When figuring out how to calculate the haversine distance between teams, there were two main problems. How to actually calculate the distance between each team, and how to make sure that the distance would only be considered if the teams in question shared a division. In order to do this, our minimization model had an objective function that looked like this:
“minimize havdistance: sum{x in 1..34, n in 1..4} ((1-(cos(TeamLatitude[x]) - cos(TeamLatitude[35-x])) + cos(TeamLatitude[x]) * cos(TeamLatitude[35-x]) * (1-(cos(TeamLongitude[x]) - cos(TeamLongitude[35-x])))) / 2)*(-1+(A[x,n]+A[35-x,n]))”
Because we had 34 hypothetical teams to consider including in the model, we used A[x,n] - A[35-x,n] whenever calculating the delta between the latitude of teams, because this would ensure that every possible pairing of teams would have their distance considered. We then multiplied that by -1 +(A[x,n]+A[35-x,n]). This is because A[x,n] would always equal one while the model is running it’s initial calculations to measure the distances between teams. Therefore, if we didn’t subtract one from it, the distance between every single pairing of teams would be considered in the model. However, if the team represented by A[x,n] and A[35-x,n] shared a division in the calculation of the model, adding those two together would result in a value of two. Thereby making it so that the distance between those two teams would be multiplied by one when subtracting one from them in the formula, and ensuring that only the distance between that paring of teams was considered in the summation of the optimization function.

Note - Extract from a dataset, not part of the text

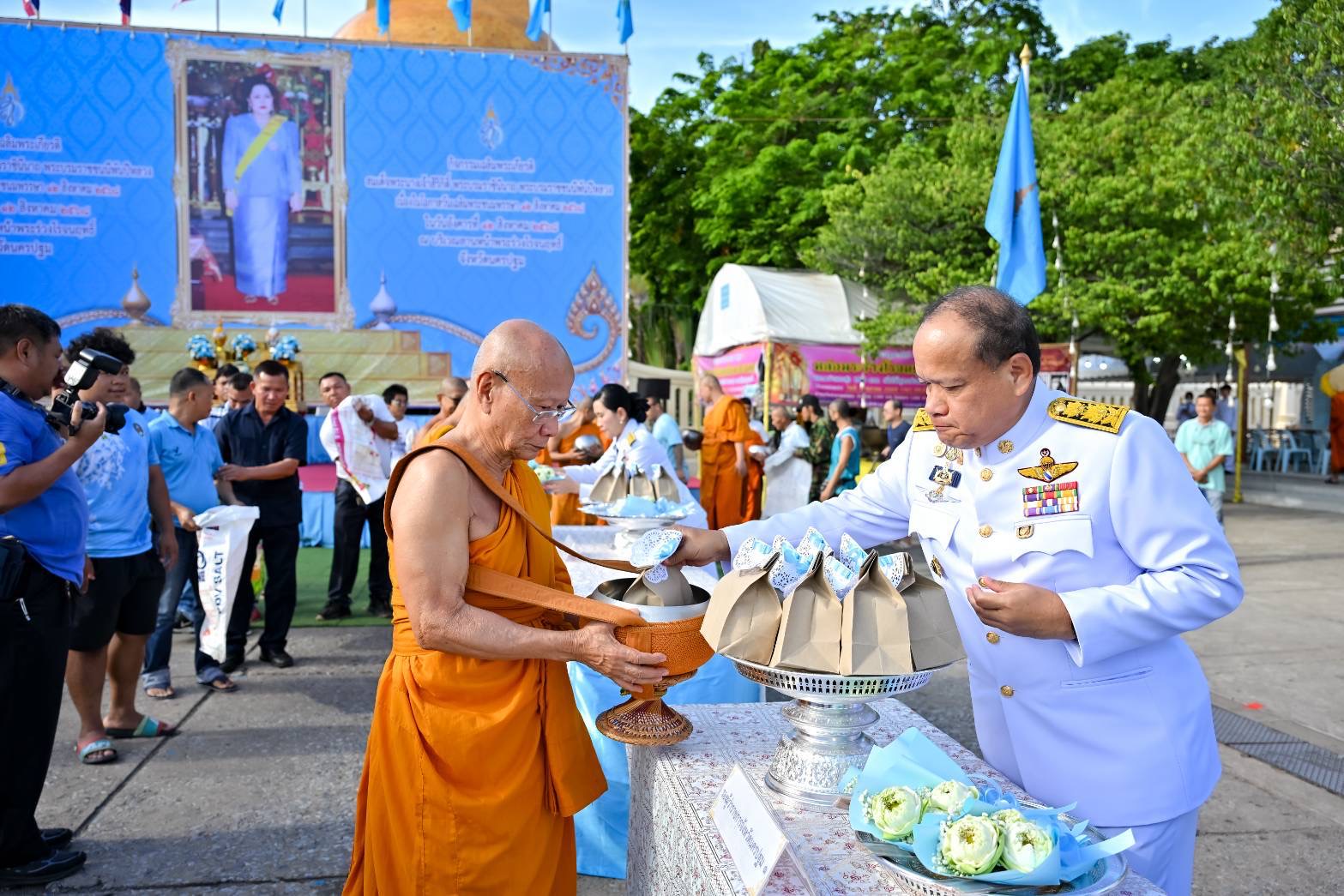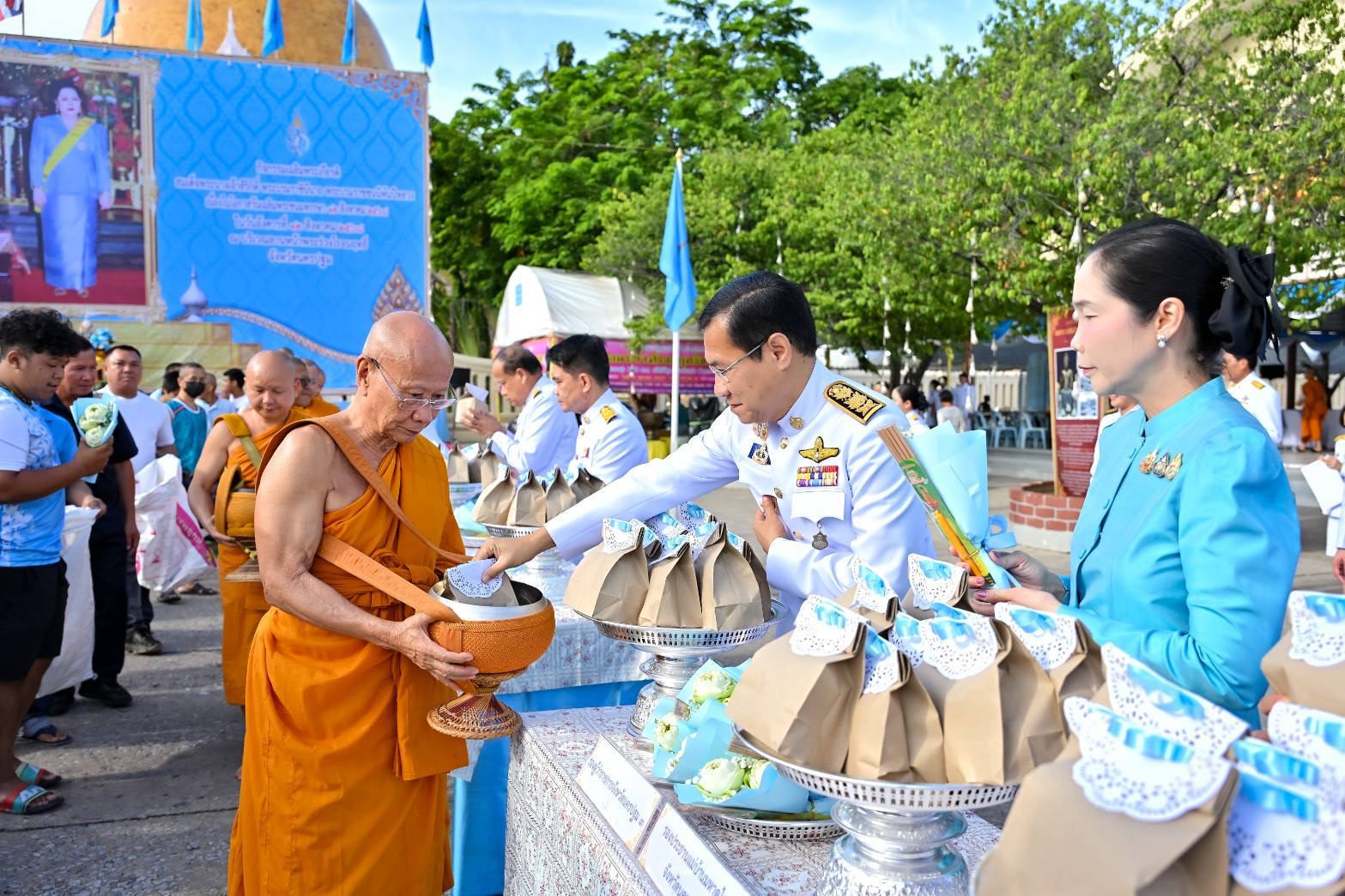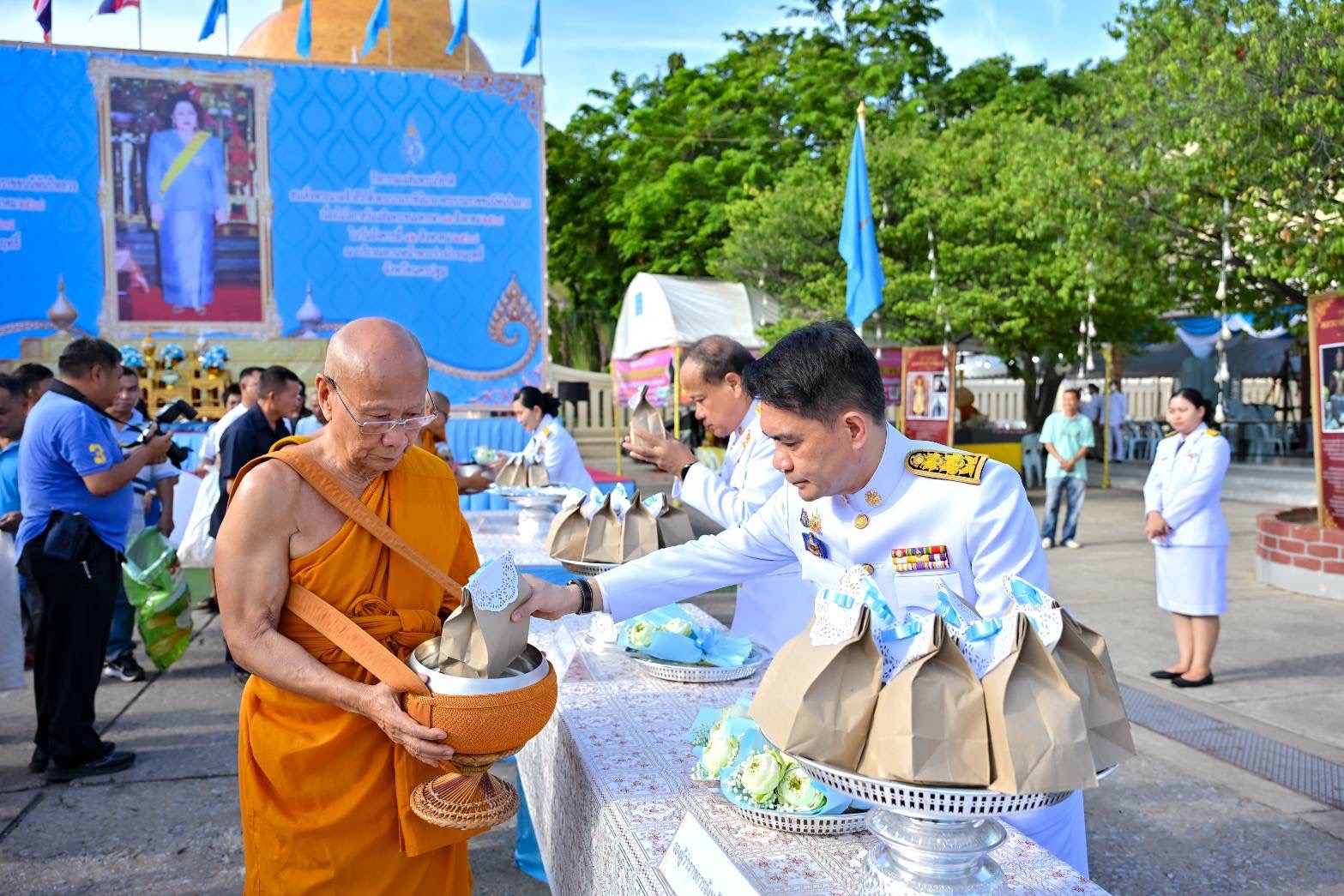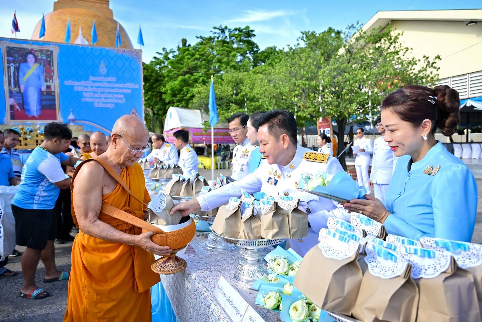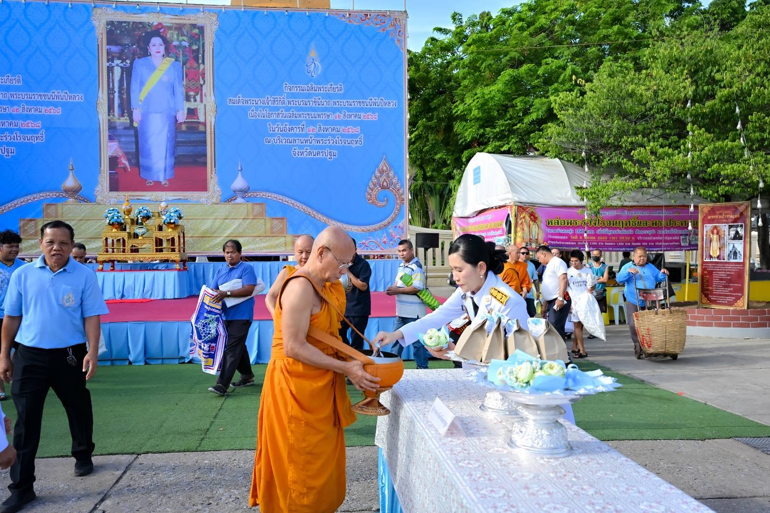 จากนั้น ผู้ว่าราชการจังหวัดนครปฐม นำหัวหน้าส่วนราชการ ข้าราชการ และประชาชน ร่วมทำบุญตักบาตรข้าวสาร อาหารแห้ง โดยพระธรรมวชิรเจติยาจารย์ ที่ปรึกษาเจ้าคณะภาค 14 รักษาการเจ้าอาวาสวัดพระปฐมเจดีย์ ราชวรมหาวิหาร นำพระสงฆ์สามเณร 99 รูป รับบิณฑบาต ณ บริเวณลานหน้าพระร่วงโรจนฤทธิ์ฯ องค์พระปฐมเจดีย์ เพื่อถวายพระราชกุศลแด่ สมเด็จพระนางเจ้าสิริกิติ์ พระบรมราชินีนาถ พระบรมราชชนนีพันปีหลวง อีกทั้งแสดงออกถึงความจงรักภักดี และสำนึกในพระมหากรุณาธิคุณ ตลอดจนเป็นการเทิดทูนสถาบันพระมหากษัตริย์ ด้วยการทำกิจกรรมทางพระพุทธศาสนา

In order for the model to ensure that each team currently in MLB was included in the model, we included the following constraint for the value of one through 30 for x:
“Subject to Team_Assignment: sum{n in 1..4} A[x,n] = 1”
This ensured that not only did every team currently in MLB get included in the model, but that they were assigned to just one division, not spread across multiple. But this wouldn’t work when it came to our possible expansion cities, because we only wanted to include two of them. So we included the following constraints:
“subject to Team_Assignment_31 : sum{n in 1..4} A[31,n] <= 1;
subject to Team_Assignment_32 : sum{n in 1..4} A[32,n] <= 1;
subject to Team_Assignment_33 : sum{n in 1..4} A[33,n] <= 1;
subject to Team_Assignment_34 : sum{n in 1..4} A[34,n] <= 1;
subject to newteamassignment : sum{n in 1..4} A[31,n] + sum{n in 1..4} A[32,n] + sum{n in 1..4} A[33,n] + sum{n in 1..4} A[34,n] >= 2;”
This allowed expansion cities to not be included in the model, while still ensuring that at least two of the possible cities were included.
After reflection, I believe there was one fatal flaw in our models. In a competitive league like MLB, it is crucial that no team must deal with a significantly larger amount of travel than any other. Unfortunately, because our model sought to minimize total haversine distance between teams, the delta between the smallest average team travel distance and the largest average team travel distance was quite high, a result of the model grouping a handful of teams that were extremely close together with one team that was much further away in its divisions, resulting in one team having a much higher average travel distance than the rest. In the future I would have my objective function minimize average team travel distance instead of minimizing the sum team travel distance.